Attention cette critique contient de gros spoilers (mais c'est pour vous donner envie ;) Rajeunir, ce serait chouette. Mais rajeunir jusqu’à redevenir un fœtus et retourner au néant peut-être pas. C’est ainsi que dans le monde fantastique de Chronos Ruler de l’auteur taiwanais Ponjea (ou Jea PON), les démons appelés des Horas volent le temps des êtres humains. Et c’est la jeune Xiaoxue qui en fait les frais pour la démonstration. En effet, par sa faute, son grand frère est mort en la sauvant d’un accident de voiture. C’est alors qu’une légende mystérieuse court en ville : si on fait un vœu à minuit au pied du clocher un soir de pleine lune, il serait possible de remonter le temps. Accablée de regrets, Xiaoxue attire donc un Horas qui veut profiter d’elle pour passer un pacte et lui aspirer son temps jusqu’à ce qu’elle retourne au néant. En somme, une espèce de malédiction à la Benjamin Button mais en beaucoup plus rapide et encore moins cool.


Elle est alors sauvée par le binôme particulier de Victor et Kiri. L’un est un ado de 15 ans plein d’énergie et plaisantin alors que l’autre, plus âgé, affiche un air bien plus sérieux derrière ses lunettes d’intello. Cependant, une chose les réunit : ils veulent détruire des Horas et leur arme contre eux est le temps. En effet, ils ont la capacité de manier le temps à l’aide de cartes pour Victor et d’un katana d’eau pour Kiri. Comme suspendre le temps était déjà un concept vu et re-vu, l’auteur Ponjea a voulu varier l’expérience en donnant le pouvoir à ses protagonistes de manier le temps avec des accélérations et ralentissements.


Le pitch de base m’a fait penser au film SF d’Andrew Niccol Time Out.
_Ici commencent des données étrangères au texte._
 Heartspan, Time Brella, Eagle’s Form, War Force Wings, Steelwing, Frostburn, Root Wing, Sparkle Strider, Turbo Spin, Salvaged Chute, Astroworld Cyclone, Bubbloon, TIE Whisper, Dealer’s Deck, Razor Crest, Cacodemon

Vous savez, le film avec Justin Timberlake et où la population entière a un corps de jeune et où l’argent a été remplacé en minute de vie. Or, il s’avère que ce film est une des références de l’auteur pour Chronos Ruler : il est parti de l’idée de faire un shonen puis en voyant Time Out, il a pensé utiliser le temps comme une arme. En effet, face aux terribles Horas se dressent les vaillants Chronos Ruler qui peuvent manier le temps pour les abattre.
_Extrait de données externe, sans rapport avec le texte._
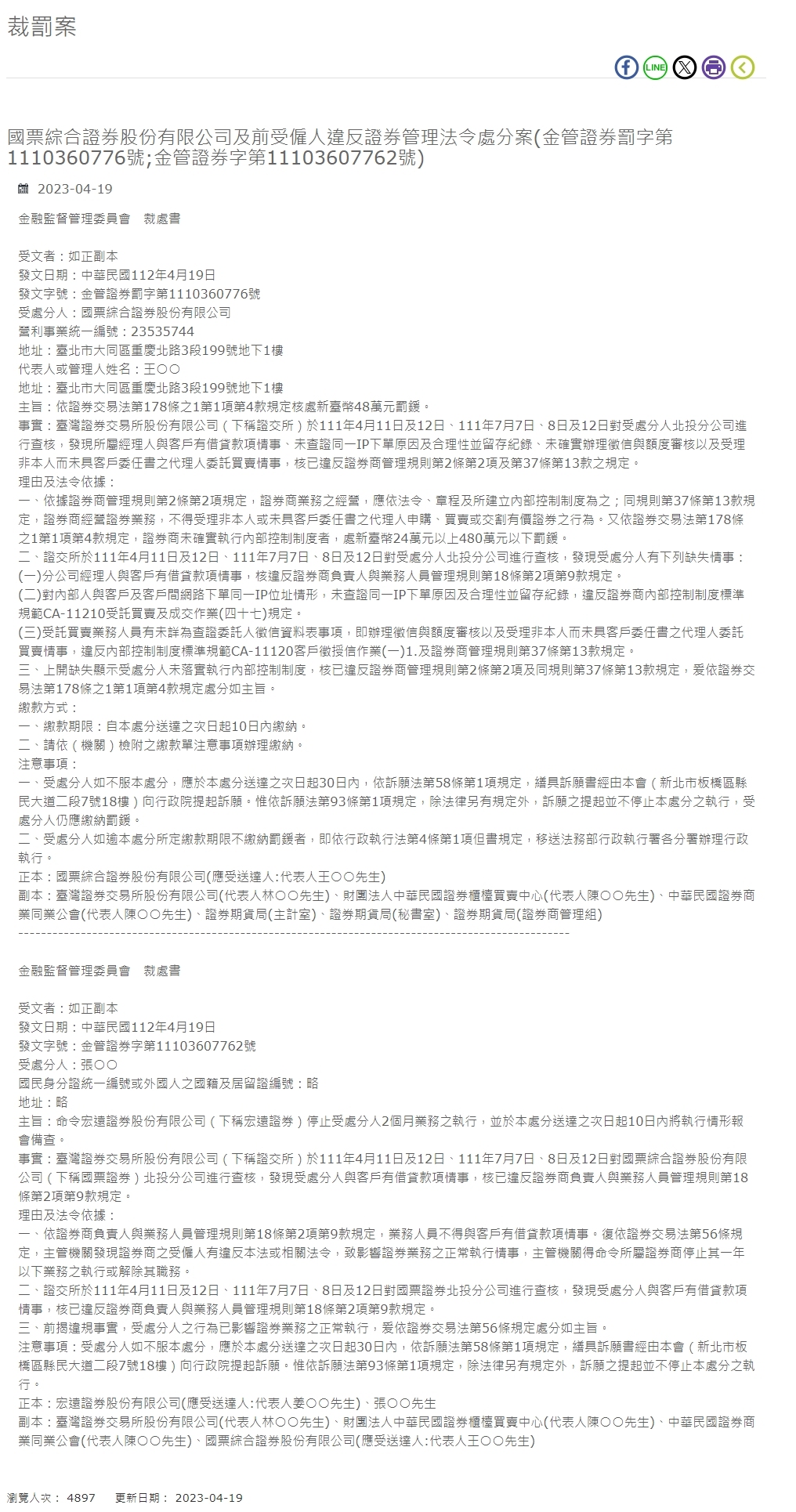 Penerima tindakan disiplin Komisi Pengawas Keuangan: Salinan asli Tanggal penerbitan: 19 April 2012 Nomor penerbitan: Hukuman Sekuritas Pengelolaan Keuangan No. 1110360776 Orang yang dihukum: IBF Securities Jumlah terpadu perusahaan yang menghasilkan keuntungan dari perusahaan saham gabungan: 23535744 Alamat: Lantai 1, B1, No. 199, Bagian 3, Jalan Utara Chongqing, Distrik Datong, Kota Taipei Nama Perwakilan atau Manajer: Wang ○○ Alamat: B1, 199, Bagian 3, Jalan Utara Chongqing, Distrik Datong, Kota Taipei Tujuan: Denda sebesar NT$480.000 dikenakan sesuai dengan Pasal 178-1, Ayat 1, Ayat 4 Undang-Undang Sekuritas dan Bursa. Fakta: Taiwan Stock Exchange Co., Ltd. (selanjutnya disebut Bursa Efek) melakukan inspeksi di Cabang Beitou terhadap orang yang dihukum pada tanggal 11 dan 12 April 2011, serta 7, 8 dan 12 Juli 2011. Diketahui bahwa manajer dan pelanggan telah meminjam uang, gagal memverifikasi alasan dan rasionalitas pesanan yang dilakukan oleh IP yang sama dan menyimpan catatan, gagal melakukan peninjauan kredit dan batas secara akurat, dan menerima transaksi yang dipercayakan oleh agen yang bukan diri mereka sendiri. dan tidak mempunyai surat kuasa dari nasabah, terbukti melanggar ketentuan Pasal 2 Ayat 2 dan Pasal 37 Ayat 13 Peraturan Pengelolaan Perantara Pedagang Efek. Alasan dan dasar hukum : 1. Menurut ketentuan Pasal 2 Ayat 2 Peraturan Pengurusan Perantara Pedagang Efek, usaha perusahaan efek dilaksanakan menurut peraturan perundang-undangan, anggaran dasar dan sistem pengendalian intern yang telah ditetapkan; ketentuan yang sama Pasal 37 Ayat 13 Peraturan, Perusahaan Efek yang bergerak di bidang usaha efek tidak boleh menerima pemesanan, pembelian, penjualan atau penyerahan efek oleh orang lain selain dirinya atau oleh agen yang tidak mempunyai surat penunjukan dari nasabah. Menurut ketentuan Pasal 178-1, Ayat 1, Ayat 4 Undang-Undang Sekuritas dan Bursa, perusahaan sekuritas yang gagal menerapkan sistem pengendalian internal akan didenda tidak kurang dari NT$240,000 tetapi tidak lebih dari NT$4,8 juta. 2. Bursa Efek melakukan pemeriksaan di Cabang Beitou terhadap orang yang dihukum pada tanggal 11 dan 12 April, serta 7, 8, dan 12 Juli 2011, dan menemukan bahwa orang yang dihukum memiliki kekurangan sebagai berikut: (1) ) Pimpinan cabang mempunyai pinjaman dengan nasabah yang melanggar ketentuan Pasal 18 Angka 2 Angka 9 Peraturan Kepengurusan Penanggung Jawab dan Tenaga Usaha Pedagang Efek. (2) Gagal memverifikasi alasan dan rasionalitas pesanan yang dilakukan dengan alamat IP yang sama dan menyimpan catatan jika orang dalam melakukan pemesanan online dengan pelanggan dan antar pelanggan, melanggar spesifikasi standar ca-11210 sistem pengendalian internal perusahaan sekuritas, peraturan penugasan perdagangan dan transaksi (47). (3) Pelaku usaha perdagangan titipan gagal memverifikasi lembar informasi kredit klien secara rinci, yaitu menangani laporan kredit dan peninjauan limit, serta menerima transaksi titipan dari agen yang bukan dirinya dan tidak memiliki surat penunjukan klien. yang melanggar standar dan peraturan sistem pengendalian internal ca -11120 Operasi Penagihan Kredit Nasabah (1) 1. dan ketentuan Pasal 37 Ayat 13 Peraturan Pengelolaan Perantara Pedagang Efek. 3. Kekurangan-kekurangan tersebut di atas menunjukkan bahwa yang dihukum telah gagal melaksanakan sistem pengendalian intern dan melanggar Pasal 2 Ayat 2 Peraturan Pengelolaan Perantara Pedagang Efek dan Pasal 37 Ayat 13 peraturan yang sama, sesuai dengan Pasal 178-1 Undang-Undang Sekuritas dan Bursa Paragraf 1 ayat 4 mengatur bahwa hukumannya harus sesuai dengan keinginannya. Metode pembayaran: 1. Batas waktu pembayaran: Bayar dalam waktu 10 hari sejak sanksi ini diberikan. 2. Mohon melakukan pembayaran sesuai dengan ketentuan pada slip pembayaran yang dilampirkan pada (agensi). Catatan: 1. Jika orang yang dikenakan hukuman tidak puas dengan hukuman ini, ia harus mengajukan petisi melalui Asosiasi ini (Distrik Banqiao, Kota New Taipei) sesuai dengan ketentuan Pasal 58 Ayat 1 Undang-Undang Petisi dalam waktu 30 hari sejak hari setelah hukuman dijalani. Lantai 18, No. 7, Bagian 2, Jalan Xianmin) mengajukan petisi ke Eksekutif Yuan. Namun menurut Pasal 93 Ayat 1 UU Permohonan, kecuali ditentukan lain oleh undang-undang, pengajuan banding tidak menghentikan pelaksanaan sanksi tersebut, dan yang dikenakan sanksi tetap membayar denda. 2. Jika orang yang dikenai hukuman tidak membayar denda dalam jangka waktu pembayaran yang ditentukan dalam hukuman ini, orang tersebut akan dipindahkan ke cabang Badan Penegakan Administratif Kementerian Kehakiman untuk penegakan administratif sesuai dengan ketentuan Pasal 4, Paragraf 1 Undang-Undang Penegakan Administratif. asli: IBF Securities Co., Ltd. (Untuk dilayani: Perwakilan: Tuan Wang ○○) Salinan: Taiwan Stock Exchange Co., Ltd. (Perwakilan: Tuan Lin ○○), Pusat Perdagangan Sekuritas Over-the-counter Republik Tiongkok (Perwakilan: Tuan Chen ○○ ), Asosiasi Bisnis Sekuritas Republik Tiongkok (perwakilan Tuan Chen ○○), Biro Sekuritas dan Berjangka (Kantor Akuntansi), Biro Sekuritas dan Berjangka (Kantor Sekretaris), Biro Sekuritas dan Berjangka (Grup Manajemen Sekuritas) -------- ------------------------------------- ---------------------------- ------------------------------------- -- Penerima keputusan Komisi Pengawas Keuangan: jika Tanggal penerbitan asli dan salinan: 19 April 2012, Republik Tiongkok Nomor penerbitan: Surat Berharga Pengelolaan Keuangan No. 11103607762 Orang yang akan dihukum: Zhang ○○ Kartu identitas nasional terpadu nomor atau nomor kewarganegaraan dan izin tinggal orang asing: dihilangkan alamat: dihilangkan subjek: dihilangkan Perintah Hongyuan Securities Co., Ltd. (selanjutnya disebut Hongyuan Securities) untuk menghentikan pelaksanaan bisnis orang yang dihukum selama dua bulan, dan melaporkan status eksekusi ke rapat untuk ditinjau dalam waktu 10 hari sejak hari setelah hukuman dijatuhkan. Fakta: Taiwan Stock Exchange Co., Ltd.

Un père plus jeune que son fils (si si c'est possible)


C’est ainsi que Chronos Ruler a comme héros un binôme de Chronos Ruler, Victor et Kiri. Mais ils ont un but très précis : trouver le Horas qui a volé le temps de Victor, qui malgré son apparence d’ado de 15 ans a en réalité 39 ans ! De plus, et cela était vraiment inattendu, il s’avère que Victor est en réalité le père de Kiri ! Effectivement, lors d’un combat il y a 12 ans, Victor s’est fait mordre par un Horas ce qui l’a fait rajeunir. Sans son pouvoir de Chronos Ruler qui lui permet de ralentir la malédiction, il mangerait déjà les pissenlits par la racine (ou même pas en fait car il serait retourné au néant!). De plus, le rajeunissement est malheureusement accompagné d’amnésie : chaque jour qui passe, il rajeunit d’une journée et perd ses souvenirs. A 15 ans d’apparence, il ne conserve que ses souvenirs jusqu’à ses 15 ans. Il ne se souvient donc pas directement de tout ce qu’il a vécu avec la mère de Kiri, Kirisato, et comment il s’est occupé de Kiri après la mort de sa mère. La seule preuve est son journal qu’il conserve précieusement et où il inscrit ses souvenirs avant qu’ils ne s’effacent inexorablement.
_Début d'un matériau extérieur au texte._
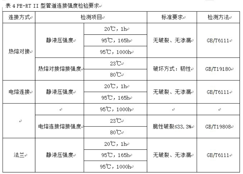 PE-RT II型管材、管件參照GB/T28799-2012執(zhí)行,管道連接強(qiáng)度要求詳見表4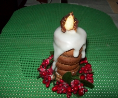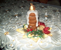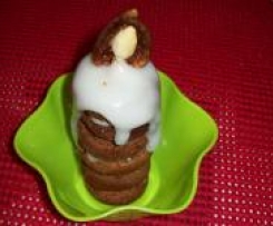 Na środku pierwszego kółka mocujemy patyczek, smarujemy odrobiną lukru i nakładamy następne kółeczko itd…. aż do żądanej przez nas wysokości świeczki. Oblewamy lukrem . Z przekrojonych suszonych fig i migdałów robimy "płomyk".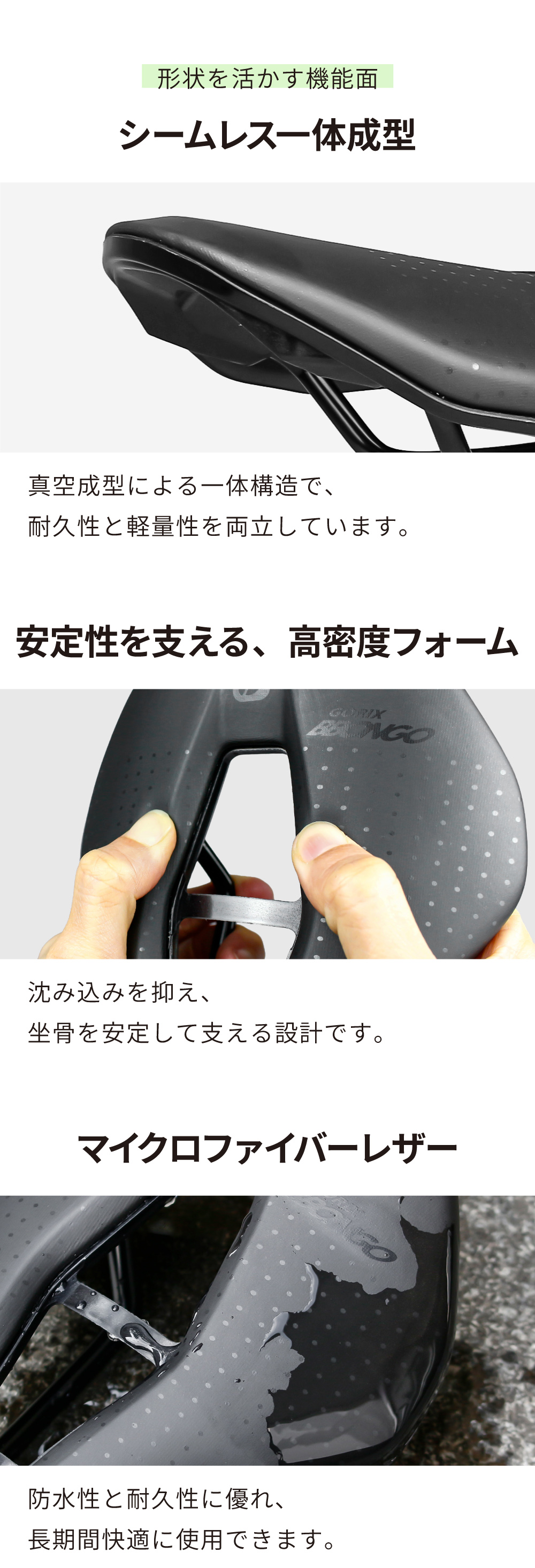坐骨をしっかり支える形状により、安定したペダリングと快適な座り心地を実現。

Ce thème d’amnésie, un peu comme Alzheimer apporte une dimension assez tragique au manga. De plus, sont mis également en avant l’importance du temps, des souvenirs et des responsabilité en tant que père pour Victor. Les thèmes abordés sont donc de base assez lourds mais en vrai ils sont traités de manière légère. Car quand on parle de mort, d’amnésie, de relation père-fils, le manga devrait nous filer une envie de déprime mais ce n’est pas le cas…


Cela en partie grâce à la personnalité de Victor. Comme le dit l’auteur dans ses commentaires, il voulait « un personnage complexe avec des défauts charmants et détestables à la fois et qui saurait se montrer admirable au moment crucial. Victor réunit donc de nombreuses contradictions : apparemment capricieux et peu fiable, il est pourtant un père responsable ; à première vue dominateur et brutal avec les autres, il est en fait sensible et vulnérable à l’intérieur ». Sa relation avec Kiri est également une source d’humour. Opposé de Victor, Kiri a un côté froid qui pourrait être cliché mais c’est sans compter sur ses interactions avec Victor, son père rappelons-le, lors desquelles il perd ses moyens jusqu’à en devenir ridicule. Ainsi, l’auteur a fait de Kiri le souffre-douleur de Victor (on lui donne pour ça l’award du père de famille modèle!) ce qui lui donne un côté comique et le rend alors plus accessible aux lecteurs.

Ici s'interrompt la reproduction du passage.